MILLIONS of households could save up to £200 a year on their energy bills without needing to turn their boiler flow temperature down.
Households should check which method they use to pay their energy bills because one type is cheaper than the other.
It comes as energy bills for the typical household hit £2,500 after Liz Truss introduced the Energy Price Guarantee (EPG) in her short tenure.
The EPG puts a cap on the wholesale cost of domestic gas and electricity for those on the standard variable tariff.
With this in mind, if you use more energy than the average household – you’ll pay more than £2,500 a year.
And in April the cap will rise to £3,000 a year for the average household – pushing up people’s bills even further.
But households that pay their energy bills by cash, card or cheque will pay even more.
A typical household that doesn’t pay their energy bill by direct debit will spend £2,740 on average over the next year.
That’s why it’s important to set up a direct debit with your energy supplier because it is a cheaper alternative to paying your bills by cash, card or cheque.
This means that the average household will save over £240 a year on their energy bills if they pay by direct debit.
But only 56% of households pay their energy bills via direct debit, according to Ofgem.

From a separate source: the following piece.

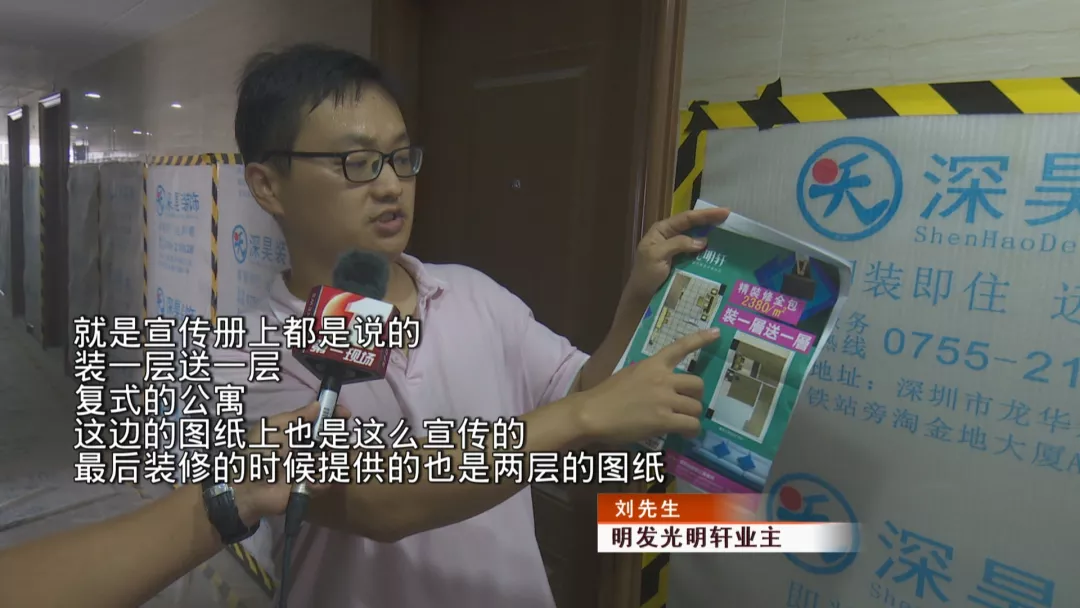 而開發(fā)商回應(yīng):裝一層送一層行業(yè)內(nèi)均是如此宣傳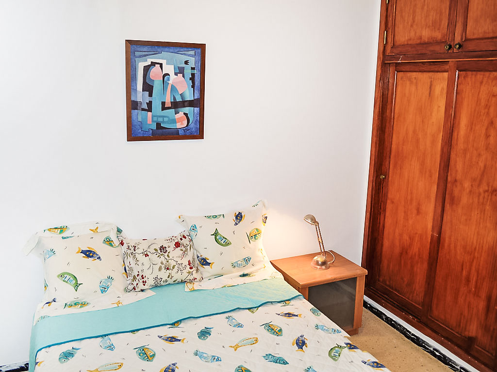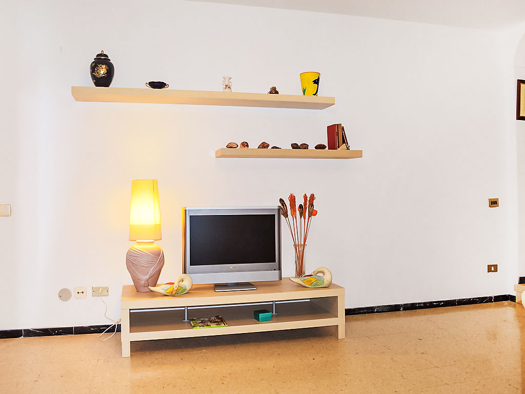 4-Zimmer-Wohnung 100 m2 im 2. Stock. Geräumig und hell, komfortabel und schön eingerichtet: Wohn-/Esszimmer mit TV. Ausgang zur Terrasse. 1 Zimmer mit 2 Betten. 2 Zimmer, jedes Zimmer mit 1 franz. Bett. Offene Küche (4 Glaskeramikherd Platten, Mikrowelle, Tiefkühler) mit Bar. Dusche/Bidet/WC. Boiler (30 Liter). Liegestühle (2). Sicht auf das Meer. Zur Verfügung: Waschmaschine, Babybett bis 2 Jahre. Internet (Wireless LAN, gratis). Bitte beachten: geeignet für Familien. Kein Parkplatz. 1 kleines Haustier/Hund erlaubt. VV-35/1.1037

That means there are around 12.5million homes that use a different payment method.
However, of those, 4million are on prepayment meters and can’t switch to direct debit for their energy bills and they will have to pay higher gas and electricity rates.
How do energy direct debits work?
When you set up a direct debit with your energy supplier, they will be able to automatically draw the money out of your bank account at a chosen date and time.
You can time it to go out every month or every three months, so you need to make sure there’s enough cash in your account at that time.
Otherwise, you could be hit with late payment fees or end up in an unarranged overdraft.
It’s also important to understand that most suppliers offer two main types of direct debits – fixed and variable.
Most energy customers pay a fixed direct debit, which means you pay a fixed amount every month.
Your energy company will work out the cost of your energy for the year ahead and divide this into equal payments.
Most energy firms will use the average amount of gas and electricity used in previous years to calculate your monthly instalments.
With a fixed direct debit you can spread the cost of your energy use without any surprises.
Those on fixed direct debits are more likely to build up credit during the warmer summer months and if you’re in credit but your direct debit has risen substantially this winter it’s worth challenging it.
But some energy companies give customers the option to pay with a variable direct debit.
With a variable direct debit, you can choose to pay a varying amount every month or every quarter, depending on the energy you use.
You’ll pay for the energy you use, this means you’ll likely pay more in the winter and less in the summer.
Some experts argue that this type of direct debit method makes it harder for households to budget in the colder months but if you only want to pay for what you use each month then a variable direct debit may be a safe bet.
How can I switch to paying by direct debit?
If you do decide to switch to direct debit, just get in touch with your supplier for more details.
Make sure you read your electricity and gas meters regularly, so you’re only paying for the energy you use.
You should check your bills when they arrive and compare them to your meter readings.
And if the payments are wrong, ring up your supplier to give them an actual reading.
What energy bill support is available?
As part of the Autumn Statement yesterday, it was revealed millions on benefits and Universal Credit will receive an extra one-off £900.
Eight million households currently get cost of living payments worth up to £650, but eligibility criteria could change under any new rules.
Right now, eligibility is the list of benefits mentioned above.
Pensioners have also started getting a £300 one-off payment.
You qualify under the current rules if you normally get the winter fuel payment, but this could change under the new rules.
The £300 cost of living payment is paid on top of the other winter support.
You’ll need to be:
- born on or before 25 September 1956
- have lived in the UK for at least one day during the week of 19 to 25 September 2022 in what is known as the “qualifying week”
The scheme is where eligible households can get £150 off their electricity bill each winter – but you’ll have to wait until the colder months to get the money off.
Households in England and Wales don’t need to apply to get the cash and they’ll automatically qualify if they are receiving certain benefits.
You can read more about who’s eligible here.
There are also plenty of energy grants and schemes open to help you out if you’re struggling.
British Gas has recently confirmed that it’ll pay its most vulnerable customers grants worth £750 to help with sky-high bills.
Ask your supplier what’s on offer and how to apply, or check here:
- British Gas Energy Trust
- Bulb energy fund
- EDF’s energy customer support fund
- E.on’s energy fund
- Npower’s energy fund
- Ovo’s debt and energy assistance
- Scottish Power’s hardship fund
There’s also a one-off fuel voucher from your energy supplier if you’re on a prepayment metre.